Research Study Groups:
This trial has the following groups:- Group 1: Stage 1: Atezolizumab + Bevacizumab + ADG126
- Group 2: Stage 1: Atezolizumab + Bevacizumab + TPST-1120
- Group 3: Stage 1: RO7247669 2100 mg Q2W + Bevacizumab
- Group 4: Stage 1: RO7247669 600 mg Q3W + Bevacizumab
- Group 5: Stage 1: RO7247669 1200 mg Q3W + Bevacizumab
- Group 6: Stage 1: Atezolizumab + Bevacizumab
- Group 7: Stage 1: Atezolizumab + Bevacizumab + Tiragolumab
- Group 8: Stage 1: Atezolizumab + Bevacizumab + Tocilizumab
Awards:
This trial has 1 awards, including:- No Placebo-Only Group - All patients enrolled in this study will receive some form of active treatment.
Timeline:
This trial has the following timeline:- Screening: It may take up to 3 Weeks to process to see if you qualify in this trial.
- Treatment: The duration you will receive the treatment varies.
- Follow Ups: You may be asked to continue sharing information regarding the trial for 6 Months after you stop receiving the treatment.
Liver Cancer Patient Testimony for trial: Trial Name: NCT04524871 — Phase 1 & 2
Frequently Asked Questions
These questions and answers are submitted by anonymous patients, and have not been verified by our internal team.
What therapeutic purposes is RO7247669 typically employed for?
"RO7247669 is a commonly used medication for recurrent platinum-resistant epithelial ovarian cancer. This drug may also be beneficial when treating systemic juvenile idiopathic arthritis (sjia), malignant neoplasms, and recurrent platinum sensitive primary peritoneal cancer."
Answered by AI
To what extent has RO7247669 been examined in earlier research?
"Presently, 681 clinical trials are underway in order to explore the effects of RO7247669. Of those studies, 150 have progressed beyond Phase 2 and into the third phase of research. Although based out of Taibei, Taiwan, 32945 locations across the world are running investigations on this particular treatment."
Answered by AI
How many health care centers are currently conducting this trial?

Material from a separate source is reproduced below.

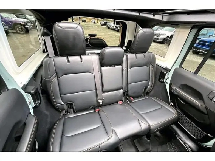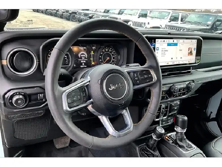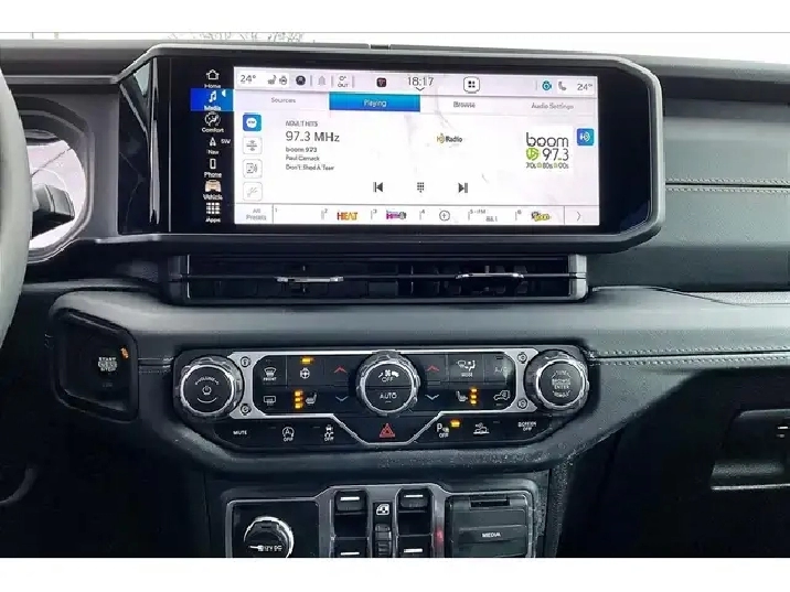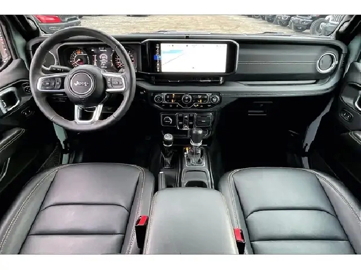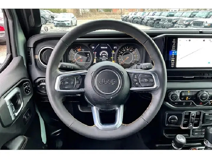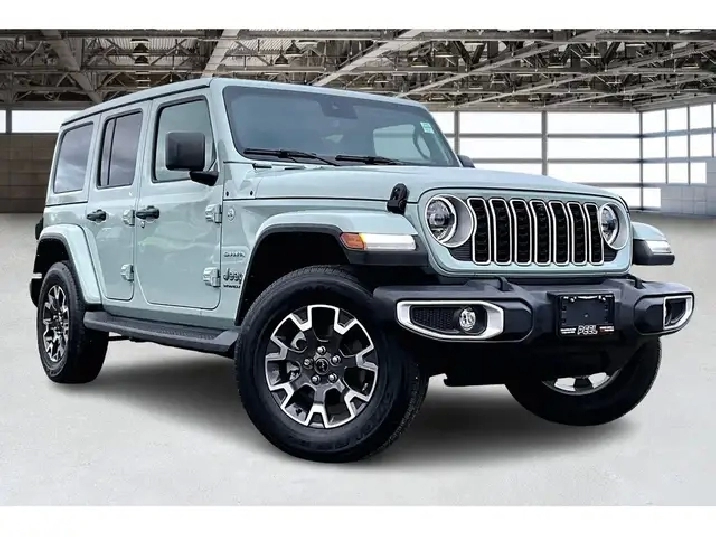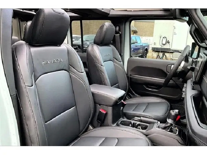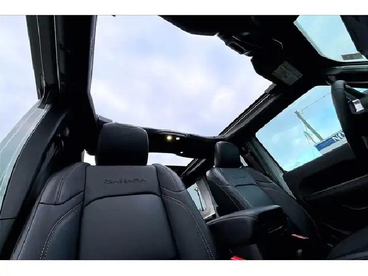 If you have been waiting for the right Wrangler, this is the one, a fully loaded 2024 Jeep Wrangler Sahara 4X4 in the highly sought-after Earl colour, easily one of the most desirable and hardest-to-find specs on the market right now. Powered by the 2.0L turbocharged engine delivering 270 hp and 295 lb-ft of torque, it gives you that perfect balance of responsive acceleration and everyday drivability while still staying true to Jeeps capability roots. Inside is where this one separates itself, featuring premium McKinley leather bucket seats, heated seats, a heated steering wheel, remote start, and the massive 12.3-inch Uconnect system with navigation, wireless Apple CarPlay and Android Auto, and Alpine premium audio, creating a cabin that feels modern, upscale, and built for daily use. The Sky One Touch power top is the standout feature, letting you open up the entire roof in seconds at the push of a button, transforming every drive without the hassle of removing panels. With Safety and Technology Groups adding Adaptive Cruise Control, Forward Collision Warning, Blind Spot Monitoring, Park-Sense, and an integrated off-road camera, it is just as confident in traffic as it is on the trail. Finished with LED lighting and equipped with the Trailer Tow Group, this is the highest-spec Sahara you can get, and with One Owner, Clean Carfax history, it is a rare opportunity to own a fully optioned Wrangler in the exact colour enthusiasts are searching for.

"There are 9 clinical trial sites recruiting patients, such as The University of Texas Southwestern Medical Center at Dallas in Dallas, Smilow Cancer Hospital at Yale New Haven in New Haven, and Sarah Cannon Research Institute in Nashville. Additionally, there are 6 other centers enrolling participants."
Answered by AI
How many individuals have enrolled in this research endeavor?
"Tempest Therapeutics is recruiting 320 individuals that meet the set inclusion criteria for this trial. It will be conducted across two sites, namely The University of Texas Southwestern Medical Center at Dallas and Smilow Cancer Hospital at Yale New Haven in Connecticut."
Answered by AI
Is enrollment for this trial ongoing?
"According to clinicaltrials.gov, this medical trial is open to enrolment; the listing was first published on November 2nd 2020 and has been edited recently (November 4th 2022)."
Answered by AI
Who else is applying?
What state do they live in?
California
What site did they apply to?
University of California San Francisco Cancer Center; Pharmacy
What portion of applicants met pre-screening criteria?
Met criteria
How many prior treatments have patients received?
0
Why did patients apply to this trial?
I know I'm showing signs of liver disease can't really say what stage unless I get a biopsy.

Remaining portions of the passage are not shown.